With the images left out, print every entry that follows exactly.

RECORDS FOR PROCESSING below:

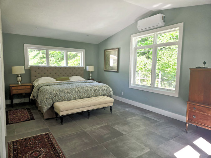 This one story home needed an update inside and out to reflect the clients fun and artistic personal style. We extended the living space and garage and created a new entrance with more windows and columns to add some character. A pop-up over the living area brings in natural light and further defines the new front entrance. We opened up the living space and specified a new location for the kitchen and dining. Salvaged doors on barn door hardware disguise the entrance to the basement and upstairs bedrooms. At the former garage location is now a large multi-functional work room with custom cabinetry.
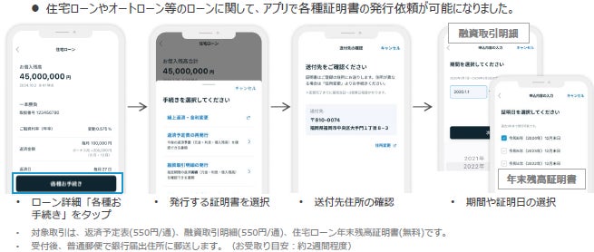 ・住宅ローンやオートローン等のローンに関して、アプリで各種証明書の発行依頼が可能になりました。
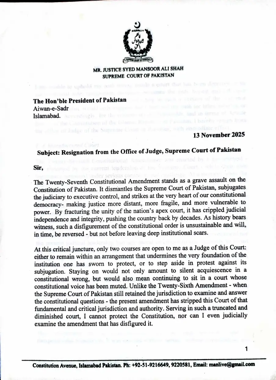 ১৩ পৃষ্ঠার পদত্যাগপত্রে বিচারপতি শাহ সংশোধনীকে পাকিস্তানের সংবিধানের ওপর গুরুতর আঘাত হিসেবে বর্ণনা করেছেন। তিনি লিখেছেন, সংশোধনীটি সুপ্রিম কোর্টকে ভেঙে দিচ্ছে, বিচারব্যবস্থাকে কার্যনির্বাহী শাখার নিয়ন্ত্রণে নস্যাৎ করছে এবং দেশের গণতান্ত্রিক কাঠামোর মূল ভিত্তিকে আঘাত করছে।
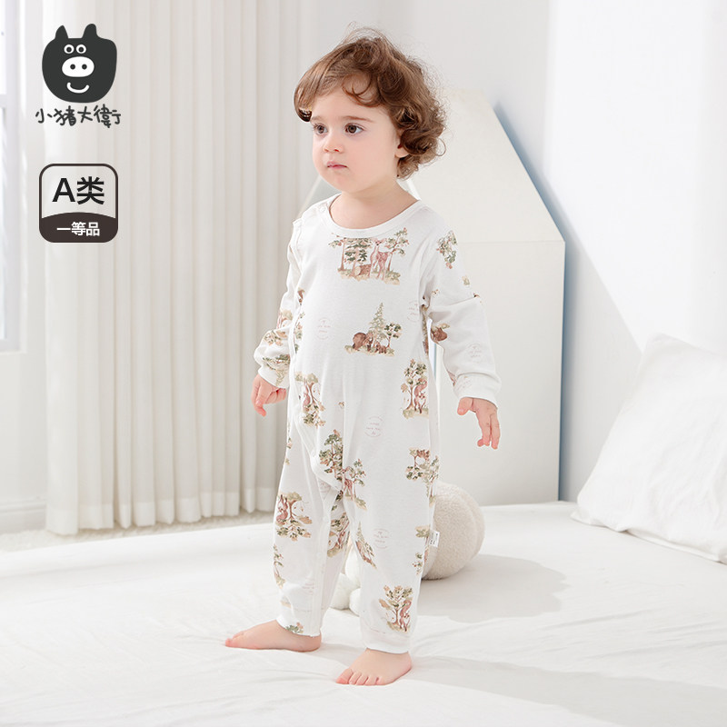推荐:小猪大卫2025新生婴儿纯棉连体衣男女宝可爱哈衣长袖春秋印花爬服
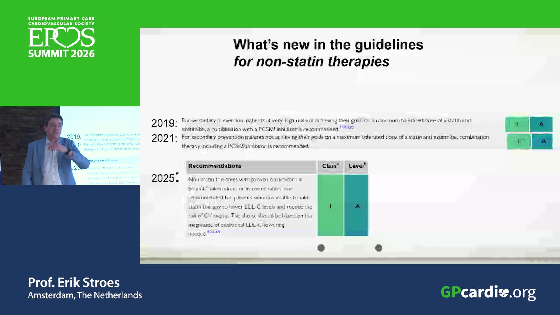 Prof. Erik Stroes, Amsterdam, The Netherlands, provided a brief introduction on the management of LDL-cholesterol. He discussed LDL-c targets and most recent dyslipidemia guidelines and their implications for primary care. The introduction was followed by discussion with the EPCCS board and council members representing primary care from multiple European countries.
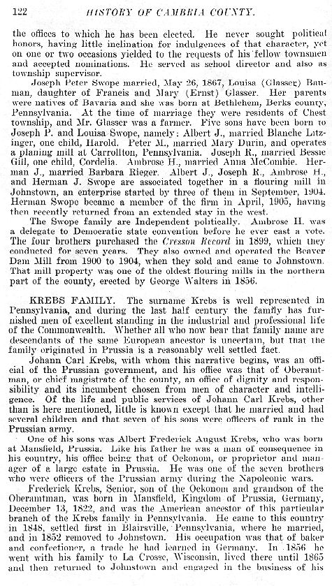the offices to which he has been elected. He never sought political honors, having little inclination for indulgences of that character, yet on one or two occasions yielded to the requests of his fellow townsmen and accepted nominations. He served as school director and also as township supervisor. Joseph Peter Swope married, May 26, 1861, Louisa (Glasser) Bauman, daughter of Francis and Mary (Ernst) Glasser. Her parents were natives of Bavaria and she was born at Bethlehem, Berks county, Pennsylvania. At the time of marriage they were residents of Chest township, and Mr. Glasser was a farmer. Five sons have been born to Joseph P. and Louisa Swope, namely: Albert J., married Blanche Litzinger, one child, Harold. Peter M., married Mary Durin, and operates a planing mill at Carrollton, Pennsylvania. Joseph R., married Bessie Gill, one child, Cordelia. Ambrose H., married Anna MeCombie. Herman J., married Barbara Rigger. Albert J., Joseph R., Ambrose H., and Herman J. Swope are associated together in a flouring mill in Johnstown, an enterprise started by three of them in September, 1904. Herman Swope became a member of the firm in April, 1905, having then recently returned from an extended stay in the west. The Swope family are Independent politically. Ambrose H. was a delegate to Democratic state convention before he ever cast a vote. The four brothers purchased the Cresson Record in 1899, which they conducted for seven years. They also owned and operated the Beaver Dam Mill from 1900 to 1904, when they sold and came to Johnstown. That mill property was one of the oldest flouring mills in the northern part of the county, erected by George Walters in 1856. KREBS FAMILY. The surname Krebs is well represented in Pennsylvania, and during the last half century the family has furnished men of excellent standing in the industrial and professional life of the Commonwealth. Whether all who now bear that family name are descendants of the same European ancestor is uncertain, but that the family originated in Prussia, is a reasonably well settled fact. Johann Carl Krebs, with whom this narrative begins, was an official of the Prussian government, and his office was that of Oberamtman, or chief magistrate of the county, an office of dignity and responsibility and its incumbent chosen from men of character and intelligence. Of the life and public services of Johann Carl Krebs, other than is here mentioned, little is known except that he married and had several children and that seven of his sons were officers of rank in the Prussian army. One of his sons was Albert Frederick August Krebs, who was born at Mansfield, Prussia. Like his father he was a man of consequence in his country, his office being that of Oekonom, or proprietor and manager of a large estate in Prussia. He was one of the seven brothers who were officers of the Prussian army during the Napoleonic wars. Frederick Krebs, Senior, son of the Oekonom and grandson of the Oberamtman, was born in Mansfield, Kingdom of Prussia, Germany, December 13, 1822, and was the American ancestor of this particular branch of the Krebs family in Pennsylvania. He came to this country in 1818, settled first in Blairsville, Pennsylvania, where he married, and in 1852 removed to Johnstown. His occupation was that of baker and confectioner, a trade he had learned in Germany. In 1856 he went with his family to La Crosse, Wisconsin, lived there until 1865 and then returned to Johnstown and engaged in the business of his |
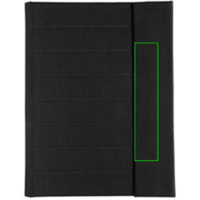 Keep all your work essentials organised with this beautiful A4 Aware™ RPET portfolio with magnetic closure. Inside you will find 1 big sleeve pocket, 2 additional pockets and a pen loop. Including FSC recycled paper notepad. The notepad contains 20 sheets cream coloured lined 70gm/s recycled paper. Interior and exterior 100% recycled polyester. With AWARE™ tracer that validates the genuine use of recycled materials. Each portfolio has reused 3.2 0.5L PET bottles. 2% of proceeds of each Impact product sold will be donated to Water.org. PVC free.
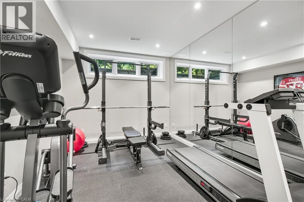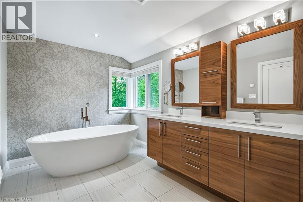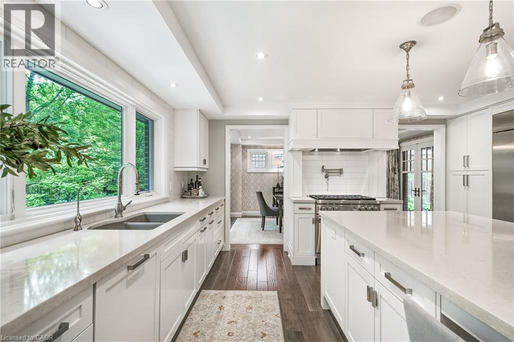 Welcome to unparalleled luxury and sophistication. With meticulous attention to detail throughout, this is an extraordinary opportunity for the discerning buyer who values precision, quality & timeless design. Nestled in one of the city’s most prestigious enclaves & backing onto the Royal Botanical Gardens Forest, this 5 bedroom, 5 bathroom residence offers over 4,100sqft of refined living where natural beauty meets exceptional craftsmanship. Every element has been thoughtfully curated from hand-selected finishes to custom millwork. The main floor features a gourmet chef's kitchen outfitted with Wolf, Sub-Zero, and Miele appliances, generous prep space, a large island with seating, & an open layout that flows seamlessly into the living and dining area all framed by enchanting forest views. Additional main floor highlights include an executive office with a separate entrance to a covered porch, a spacious mudroom with heated floors, custom cabinetry & direct access from the tandem double-car garage. Upstairs, the serene primary suite is a true retreat, complete with a gas fireplace, spa-inspired ensuite with heated floors & a walk-in closet. A second-floor laundry room with heated floors, along with heated flooring in every bathroom, adds comfort & convenience throughout. The lower level is equally impressive, featuring a guest suite, gym, rec/media room, kitchenette, rough-in for laundry & a separate entrance all enhanced with heated flooring. Step outside & enjoy thoughtfully designed outdoor living spaces that invite you to unwind & connect with nature. Multiple seating areas & professionally landscaped gardens provide the perfect setting for al fresco dining, morning coffee, or evening gatherings all set against the peaceful backdrop of the forest. This is a rare opportunity to experience true tranquility and connection to nature without compromising access to the city’s finest amenities. (id:64974)
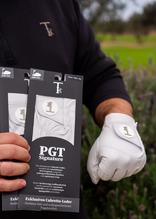 Ab sofort sind die exklusiven PGT Signature Golfhandschuhe in unseren Pro Shops erhältlich. Hergestellt aus hochwertigem Cabretta-Leder bieten diese Handschuhe optimalen Halt und außergewöhnlichen Tragekomfort für Ihr Spiel.
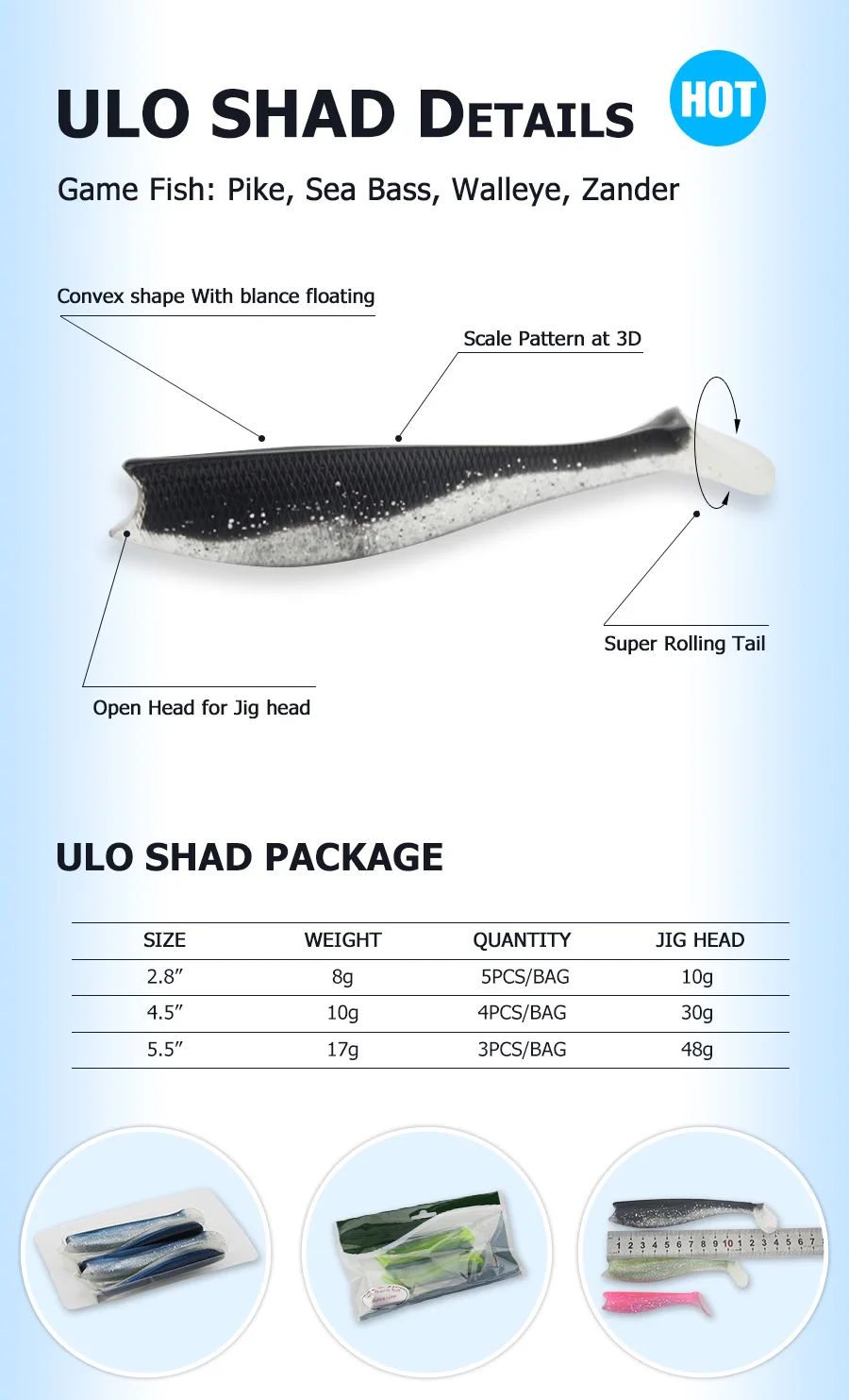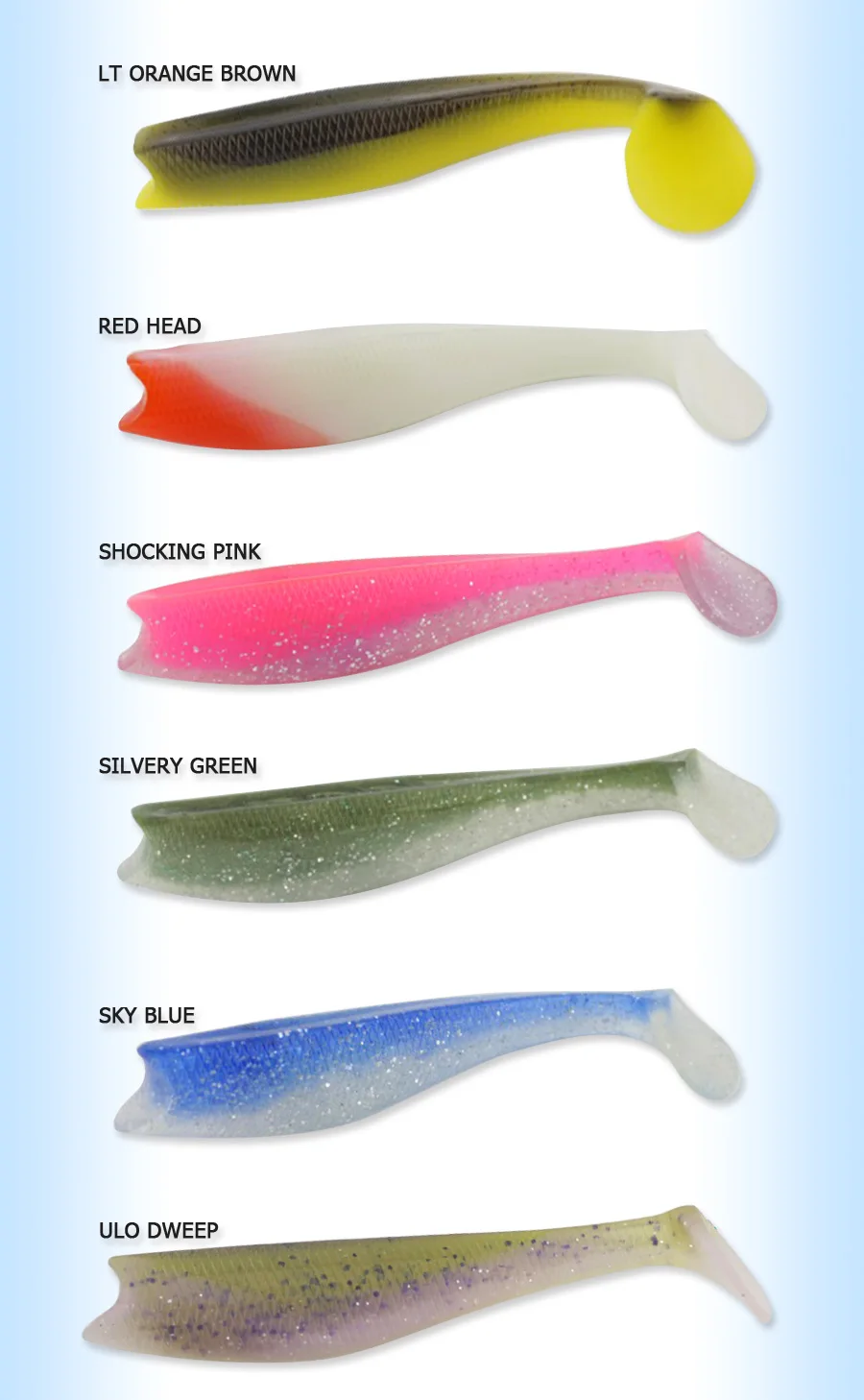 Brillo, polvo noctilucente y sabor disponibles.3).Acerca del uso de señuelos blandos de diferentes estilos.

End of RECORDS FOR PROCESSING.

* **SOLUTION BELOW**
 This one story home needed an update inside and out to reflect the clients fun and artistic personal style. We extended the living space and garage and created a new entrance with more windows and columns to add some character. A pop-up over the living area brings in natural light and further defines the new front entrance. We opened up the living space and specified a new location for the kitchen and dining. Salvaged doors on barn door hardware disguise the entrance to the basement and upstairs bedrooms. At the former garage location is now a large multi-functional work room with custom cabinetry.
 ・住宅ローンやオートローン等のローンに関して、アプリで各種証明書の発行依頼が可能になりました。
 ১৩ পৃষ্ঠার পদত্যাগপত্রে বিচারপতি শাহ সংশোধনীকে পাকিস্তানের সংবিধানের ওপর গুরুতর আঘাত হিসেবে বর্ণনা করেছেন। তিনি লিখেছেন, সংশোধনীটি সুপ্রিম কোর্টকে ভেঙে দিচ্ছে, বিচারব্যবস্থাকে কার্যনির্বাহী শাখার নিয়ন্ত্রণে নস্যাৎ করছে এবং দেশের গণতান্ত্রিক কাঠামোর মূল ভিত্তিকে আঘাত করছে।
推荐:小猪大卫2025新生婴儿纯棉连体衣男女宝可爱哈衣长袖春秋印花爬服
 Prof. Erik Stroes, Amsterdam, The Netherlands, provided a brief introduction on the management of LDL-cholesterol. He discussed LDL-c targets and most recent dyslipidemia guidelines and their implications for primary care. The introduction was followed by discussion with the EPCCS board and council members representing primary care from multiple European countries.
the offices to which he has been elected. He never sought political honors, having little inclination for indulgences of that character, yet on one or two occasions yielded to the requests of his fellow townsmen and accepted nominations. He served as school director and also as township supervisor. Joseph Peter Swope married, May 26, 1861, Louisa (Glasser) Bauman, daughter of Francis and Mary (Ernst) Glasser. Her parents were natives of Bavaria and she was born at Bethlehem, Berks county, Pennsylvania. At the time of marriage they were residents of Chest township, and Mr. Glasser was a farmer. Five sons have been born to Joseph P. and Louisa Swope, namely: Albert J., married Blanche Litzinger, one child, Harold. Peter M., married Mary Durin, and operates a planing mill at Carrollton, Pennsylvania. Joseph R., married Bessie Gill, one child, Cordelia. Ambrose H., married Anna MeCombie. Herman J., married Barbara Rigger. Albert J., Joseph R., Ambrose H., and Herman J. Swope are associated together in a flouring mill in Johnstown, an enterprise started by three of them in September, 1904. Herman Swope became a member of the firm in April, 1905, having then recently returned from an extended stay in the west. The Swope family are Independent politically. Ambrose H. was a delegate to Democratic state convention before he ever cast a vote. The four brothers purchased the Cresson Record in 1899, which they conducted for seven years. They also owned and operated the Beaver Dam Mill from 1900 to 1904, when they sold and came to Johnstown. That mill property was one of the oldest flouring mills in the northern part of the county, erected by George Walters in 1856. KREBS FAMILY. The surname Krebs is well represented in Pennsylvania, and during the last half century the family has furnished men of excellent standing in the industrial and professional life of the Commonwealth. Whether all who now bear that family name are descendants of the same European ancestor is uncertain, but that the family originated in Prussia, is a reasonably well settled fact. Johann Carl Krebs, with whom this narrative begins, was an official of the Prussian government, and his office was that of Oberamtman, or chief magistrate of the county, an office of dignity and responsibility and its incumbent chosen from men of character and intelligence. Of the life and public services of Johann Carl Krebs, other than is here mentioned, little is known except that he married and had several children and that seven of his sons were officers of rank in the Prussian army. One of his sons was Albert Frederick August Krebs, who was born at Mansfield, Prussia. Like his father he was a man of consequence in his country, his office being that of Oekonom, or proprietor and manager of a large estate in Prussia. He was one of the seven brothers who were officers of the Prussian army during the Napoleonic wars. Frederick Krebs, Senior, son of the Oekonom and grandson of the Oberamtman, was born in Mansfield, Kingdom of Prussia, Germany, December 13, 1822, and was the American ancestor of this particular branch of the Krebs family in Pennsylvania. He came to this country in 1818, settled first in Blairsville, Pennsylvania, where he married, and in 1852 removed to Johnstown. His occupation was that of baker and confectioner, a trade he had learned in Germany. In 1856 he went with his family to La Crosse, Wisconsin, lived there until 1865 and then returned to Johnstown and engaged in the business of his |
 Keep all your work essentials organised with this beautiful A4 Aware™ RPET portfolio with magnetic closure. Inside you will find 1 big sleeve pocket, 2 additional pockets and a pen loop. Including FSC recycled paper notepad. The notepad contains 20 sheets cream coloured lined 70gm/s recycled paper. Interior and exterior 100% recycled polyester. With AWARE™ tracer that validates the genuine use of recycled materials. Each portfolio has reused 3.2 0.5L PET bottles. 2% of proceeds of each Impact product sold will be donated to Water.org. PVC free.
 Welcome to unparalleled luxury and sophistication. With meticulous attention to detail throughout, this is an extraordinary opportunity for the discerning buyer who values precision, quality & timeless design. Nestled in one of the city’s most prestigious enclaves & backing onto the Royal Botanical Gardens Forest, this 5 bedroom, 5 bathroom residence offers over 4,100sqft of refined living where natural beauty meets exceptional craftsmanship. Every element has been thoughtfully curated from hand-selected finishes to custom millwork. The main floor features a gourmet chef's kitchen outfitted with Wolf, Sub-Zero, and Miele appliances, generous prep space, a large island with seating, & an open layout that flows seamlessly into the living and dining area all framed by enchanting forest views. Additional main floor highlights include an executive office with a separate entrance to a covered porch, a spacious mudroom with heated floors, custom cabinetry & direct access from the tandem double-car garage. Upstairs, the serene primary suite is a true retreat, complete with a gas fireplace, spa-inspired ensuite with heated floors & a walk-in closet. A second-floor laundry room with heated floors, along with heated flooring in every bathroom, adds comfort & convenience throughout. The lower level is equally impressive, featuring a guest suite, gym, rec/media room, kitchenette, rough-in for laundry & a separate entrance all enhanced with heated flooring. Step outside & enjoy thoughtfully designed outdoor living spaces that invite you to unwind & connect with nature. Multiple seating areas & professionally landscaped gardens provide the perfect setting for al fresco dining, morning coffee, or evening gatherings all set against the peaceful backdrop of the forest. This is a rare opportunity to experience true tranquility and connection to nature without compromising access to the city’s finest amenities. (id:64974)
 Ab sofort sind die exklusiven PGT Signature Golfhandschuhe in unseren Pro Shops erhältlich. Hergestellt aus hochwertigem Cabretta-Leder bieten diese Handschuhe optimalen Halt und außergewöhnlichen Tragekomfort für Ihr Spiel.
 Brillo, polvo noctilucente y sabor disponibles.3).Acerca del uso de señuelos blandos de diferentes estilos.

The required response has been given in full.